Fuckaduck," Talagan muttered quietly. "Those were Cersei and Jaime Lannister, were they not?"
"Yes," Pycelle said, surprised.
"And the patient is their mother?"
"Yes. Did they not tell you who she was?"
"No." Talagan pinched the bridge of his nose. "Only
'Labouring mother, bleeding, at the castle.'"
"Would it have changed your treatment?" Pycelle had enough of the measure of the man to predict his answer. It was exactly as he had expected, and useful for ceertain people who were doubtless paying more attention than they seemed.
"Of course not," the healer snapped, irritably. "I treat conditions, not rank."
"We'll need more yarrow," Pycelle said, not acknowledging the comment he had engineered for Tywin's benefit, "and ergot I suspect."
"There's more in my shop, if it hasn't been robbed blind while I was away," Talagan said, "but that's a hour's run there and back."
"Send servants."
"I don't have..." Talagan smiled ruefully. "If you wouldn't mind, Grand Maester?" The acknowledgement of his rank was welcome, and Pycelle inclined his head graciously approaching the guards as Talagan followed.
"Go to the baracks and send two guards to the healer's shop," he ordered and looked at Talagan for further instruction.
"If you can send a servant down there, go in through the front door, cupboard on your right on the wall by the door. Bring everything on the bottom shelf, if it hasn't been robbed while I was away."
"Captain Mikal set two guards on the door," one of the guards said, and Talagan nodded.
"Thank you." He paused. "Jehan, when you go off-duty, could you see if anyone is going to Lannisport? I need someone to tell the Sept I won't be there on the senday. I have a critical case that can't be left. And they should refer my ongoing patients to the apothecary on the corner of Jospen's way and Aegon's Street, by the Twisted Rope Inn. She knows what to do. Tell them if she has any spare poppy or yarrow, or All-heal, come morn we'll need it." Tywin never looked away from Joanna, but his quiet, terse, order cut the room:
"
Go." The guard bowed imstantly and left at a run. Pycelle's interest piqued. Talagan knew the guards well enough to know them by name through the closed helmets, and request favours - no, well enough that the Captain did favours
unasked. As Talagan yawned again, Pycelle decided it was not the best time to ask.

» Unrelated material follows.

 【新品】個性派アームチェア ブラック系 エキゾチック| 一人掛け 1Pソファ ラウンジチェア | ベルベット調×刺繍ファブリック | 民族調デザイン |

The Sept was a new complication, and potentially an unwanted rival for the healer's talents. Nothing he could not overcome, he was sure. Now dealing with Valorick, when the man inevitably returned, would be harder. Tywin would be best applied to - and neatly distracted by - that issue. Shuffle a few pieces around and everything would work out exactly to his benefit. He smiled genially, checking the brews he had steeping on the side, and accidentally jostling the healer, who swayed on his feet.

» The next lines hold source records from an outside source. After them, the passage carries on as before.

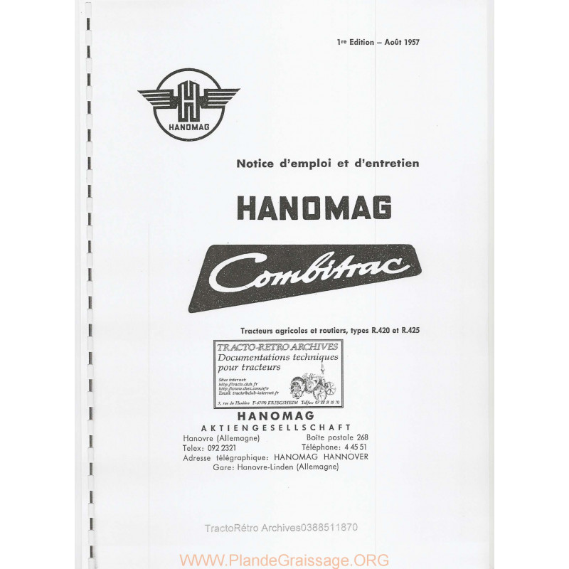 Publications de documents anciens et introuvables sur nos véhicules Oldtimers, des plans, fiches, schémas de graissage, lubrication charts, des fiches descriptives, des fiches techniques, des informations pour le réglage moteur pour Hanomag R420 R425 Part1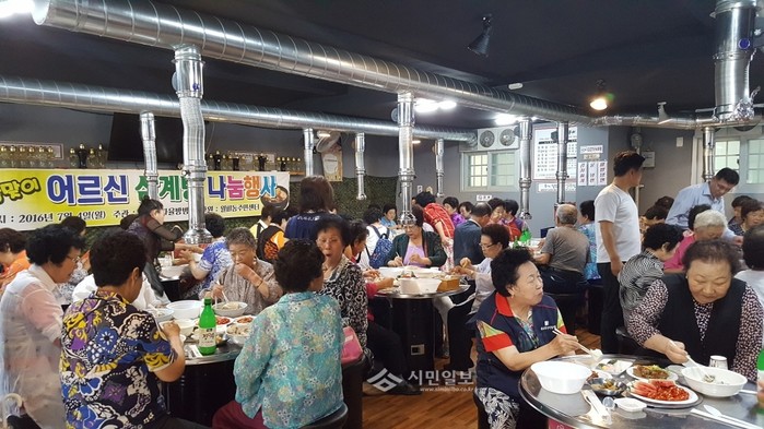 지난 4일 경기 안산시 월피동은 자율방범대 월피지대 주관으로 여름을 맞아 지역내 식당에서 성모·부르지 경로당 노인 100여명을 대상으로 삼계탕 나눔행사를 열었다. 사진은 노인들이 식사하고 있는 모습.(사진제공=안산시청)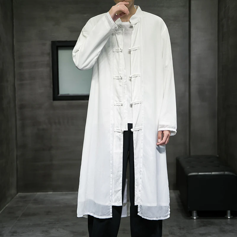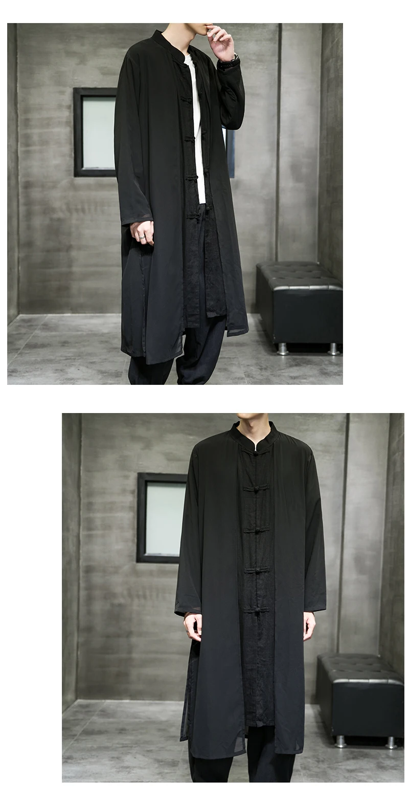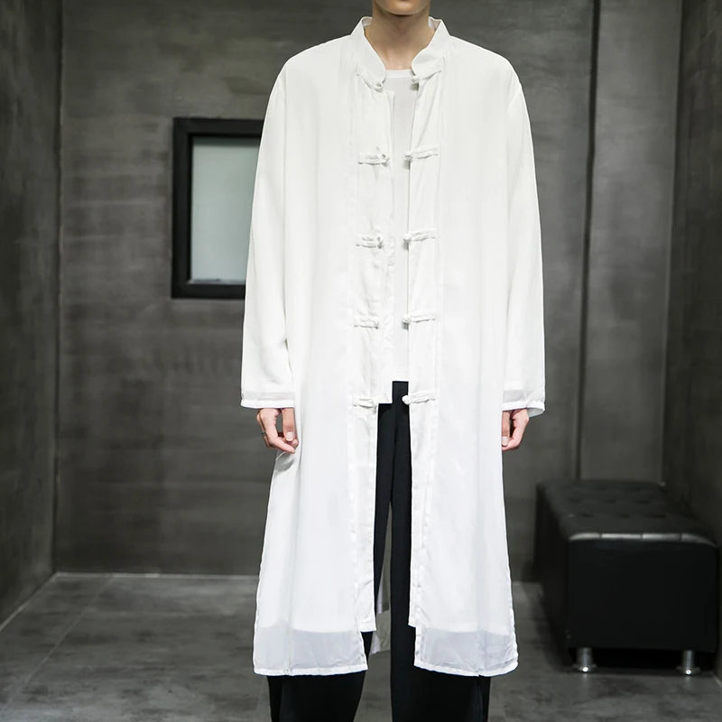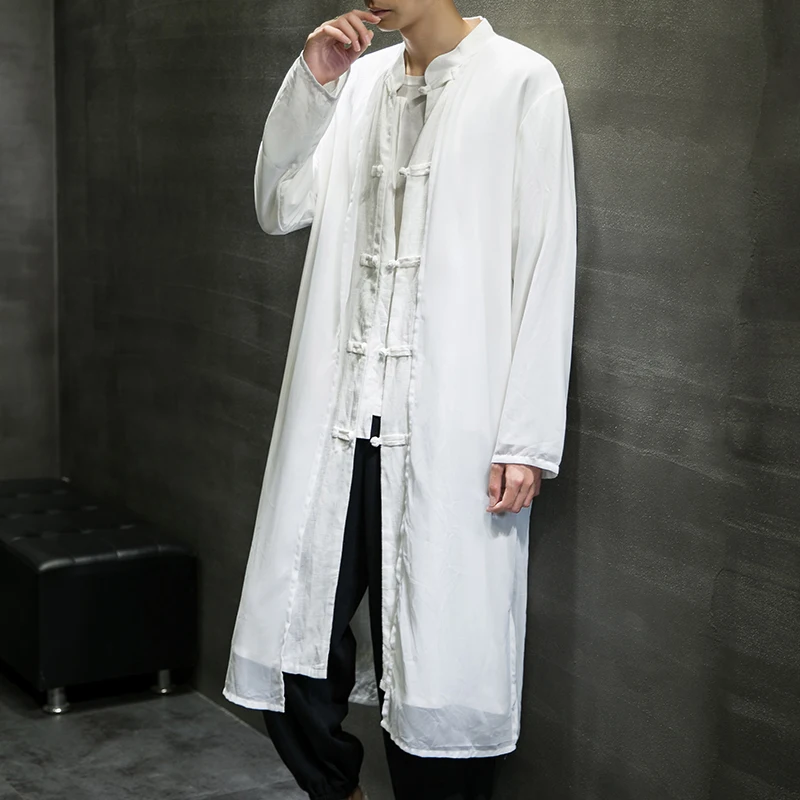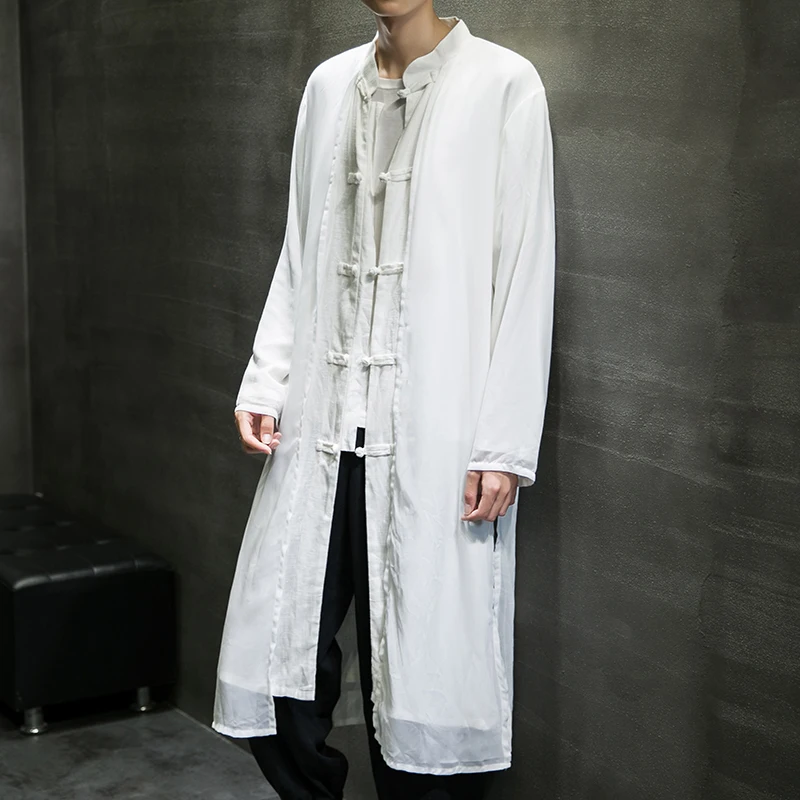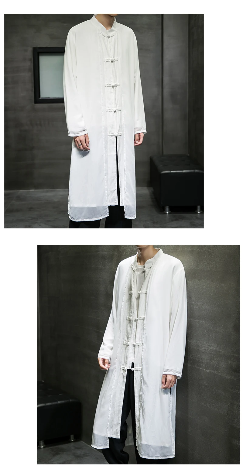 Autumn Men White Linen Trench Coat Mens Loose Long Chinese Type Cotton Windbreaker Male Mandarin Collar Cardigan Robe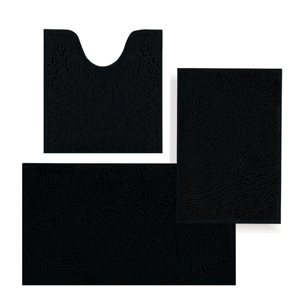 placeroom Bathroom Mat Set of 3, Bath and Toilet Mat Set,Ultra Soft Chenille Bath Mat Non Slip,Bath Mat Sets 3 Piece Washable,Super-Absorbent Bath(Black bath set)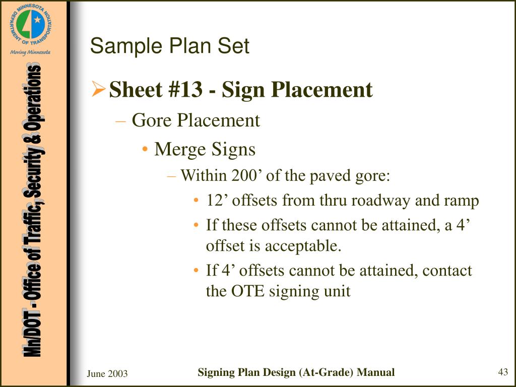 Sample Plan Set • Sheet #13 - Sign Placement • Gore Placement • Merge Signs • Within 200’ of the paved gore: • 12’ offsets from thru roadway and ramp • If these offsets cannot be attained, a 4’ offset is acceptable. • If 4’ offsets cannot be attained, contact the OTE signing unit Signing Plan Design (At-Grade) Manual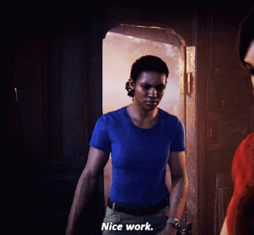 Nadine Ross from Uncharted: The Lost Legacy delivers a confident 'Nice work.'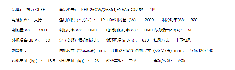 商品名称:格力凉之夏(GREE)大1匹 格力空调 E享舒适 自洁 变频 快速冷暖 壁挂式卧室空调挂机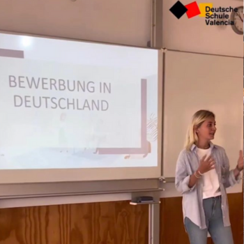 ¿Cómo se realiza una solicitud para una universidad alemana? Nuestra asistente de lengua del DAAD en Valencia, preparó e impartió un taller de preparación para entrevistas y redacción de cartas de motivación para el programa de prácticas laborales a los estudiantes de 10º grado de la Colegio Alemán en Valencia. Esta es solo una de las muchas actividades que realiza nuestro equipo del DAAD. | | | |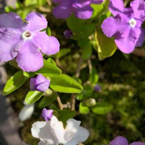 ニオイバンマツリ 紫~薄紫~白とお色直しできれい❗️ だいぶ白花になりました。 左下↙️ :カリブラコア (ペチュニアの近 縁種)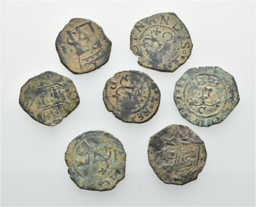 FELIPE II. Lote de 7 maravedís y blancas de Reyes Católicos y Felipe II. Varias cecas. BC/BC+.
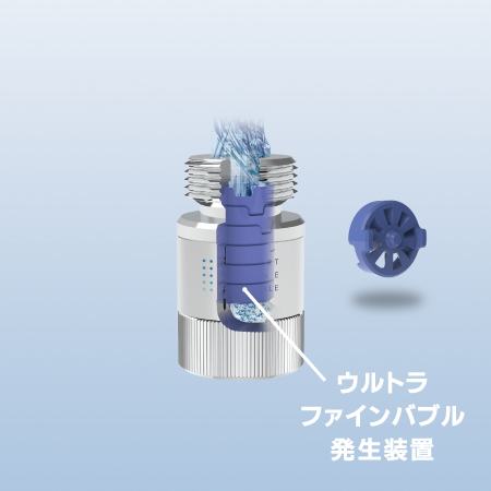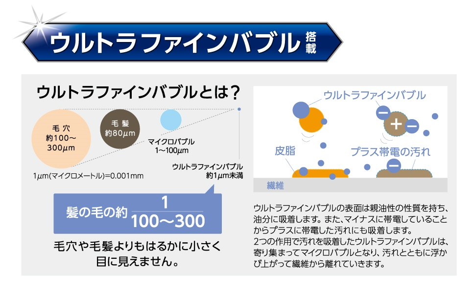 ウルトラファインバブル発生機を通過した水の中に無数に存在すること、その泡の大きさに対して、表面積が大きいため、洗剤成分と衣類や洗濯槽にかなり多くの接触機会ができると考えられます。

"Your turn to sleep, I believe." As Talagan bridled, and looked to Joanna, Pycelle turned his own words against him. "A tired healer makes mistakes, don't they?"
"I take your point." The healer stumbled as he walked to the cot, neatly demonstrating Pycelle's point for him. As the man nearly passed out as he sat, falling asleep instantly before he even lay down, Pycelle set to work at the vital task of proving to Lord Tywin that there were two miracle healers here.
--
Apologies for the long delay. I have limited computer access at the moment, and real life has been involving too many family members, critical illness, and hospitals for much free time.